Similarly, today’s datasets involve abstracting dynamic social concepts from their context. Previous experiences with using datasets for sociotechnical decisions show what gets lost in translation as we compress complex social worlds into datasets. For instance, in algorithmic content moderation, datasets of offensive terms are used to train classifiers to detect hate speech. Hate speech, however, is not an inherent property of a word or phrase, but, rather, is produced in the context of social interactions. 

A single word can be a neutral descriptor in one interaction and a harmful stereotype or offensive term in another, based on how a given word is used, by whom, to whom, and for what purpose. Because it is difficult to incorporate social interactions in a dataset, the culturally laden interpretations of words shared online get reified into datasets as objective truth. For instance, classification algorithms have mislabeled as hate speech terms that have been reclaimed by communities (for example, “queer,” “dyke”), further marginalizing their speech.9

Datasets also rely on taxonomizing at scale—squashing the richness of the social world into a categorization schema. But identity labels and categories, such as race, are social constructs that do not translate across cultural contexts. For instance, skin tones, often used as a proxy for race or ethnicity, are not relevant social markers in many parts of the world. As Chimamanda Ngozi Adichie writes, “I had never before thought of myself as ‘Black’; I did not need to … In Nigeria, I was Igbo and Roman Catholic.” But once she moved across the Atlantic, a racial category label was applied to her that did not meaningfully reflect her lived experience. Thus, we cannot address a lack of cultural diversity in AI through datasets that uncritically reinforce universalized, and thus flattening, assumptions of the relationship between visual proxies for identity (for example, skin color), social identities (for example, race), and social experiences.

One might believe that an expanded dataset would solve these problems—perhaps we should just use more data and categories.
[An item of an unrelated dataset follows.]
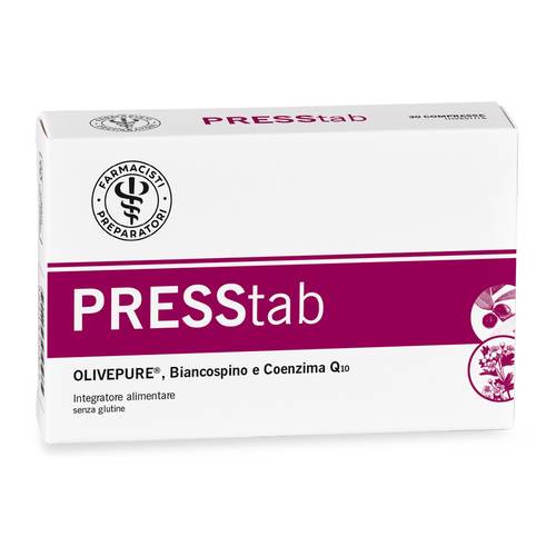 FARMACISTI PREPARATORI PRESStabDescrizione Integratore alimentare con estratto di foglie di olivo per il fisiologico metabolismo dei lipidi. Con biancospino per le normali funzioni dell'apparato cardiovascolare. Entrambi contribuiscono alla regolarità della pressione arteriosa. Con coenzima Q10. ... Leggi tutto...

But as the work of Geoffrey Bowker and Susan Leigh Star reminds us, the act of categorization is always political. For instance, Arabic words like “shaheed” (that is, “martyr”) have been censored from social media platforms by being categorized as harmful. Yet, this word is used to describe a diverse range of deaths, including from illness. The perspective from which human annotators are categorizing a word thus changes how a system behaves in response.

As such, a database is never neutral—there is no “view from nowhere”—since even the most ‘complete’ dataset reflects particular perspectives that will always be a product of the time the data was collected. Like maps, datasets give an illusion of completeness while instantiating particular views of the world. For instance, imagine constructing a more ‘inclusive’ dataset of photographs of non-Western contexts to train a model. What happens if photographs easily scraped from the Internet have been taken by tourists or are from museum collections,7 annotated with labels that amplify the perspective of colonial powers over the communities who produced the art? Failing to recognize these perspectives would replicate the same dominant point of view that datasets had sought to diversify. So what might be done instead? Recognizing that maps can be useful abstractions, we invite you to imagine alternative visions for more culturally responsive AI development. At the center of our argument is the recognition that datasets are brittle artifacts that can only offer brief glimpses of social worlds. As time-bound, socially structured bits of information, data comes from multiple and tenuous ground truths. Thus, we must focus on unpacking the social nature of data and the social scientific work it takes to develop culturally inclusive training datasets (that is, not just seeing it as technical work). What might this mean?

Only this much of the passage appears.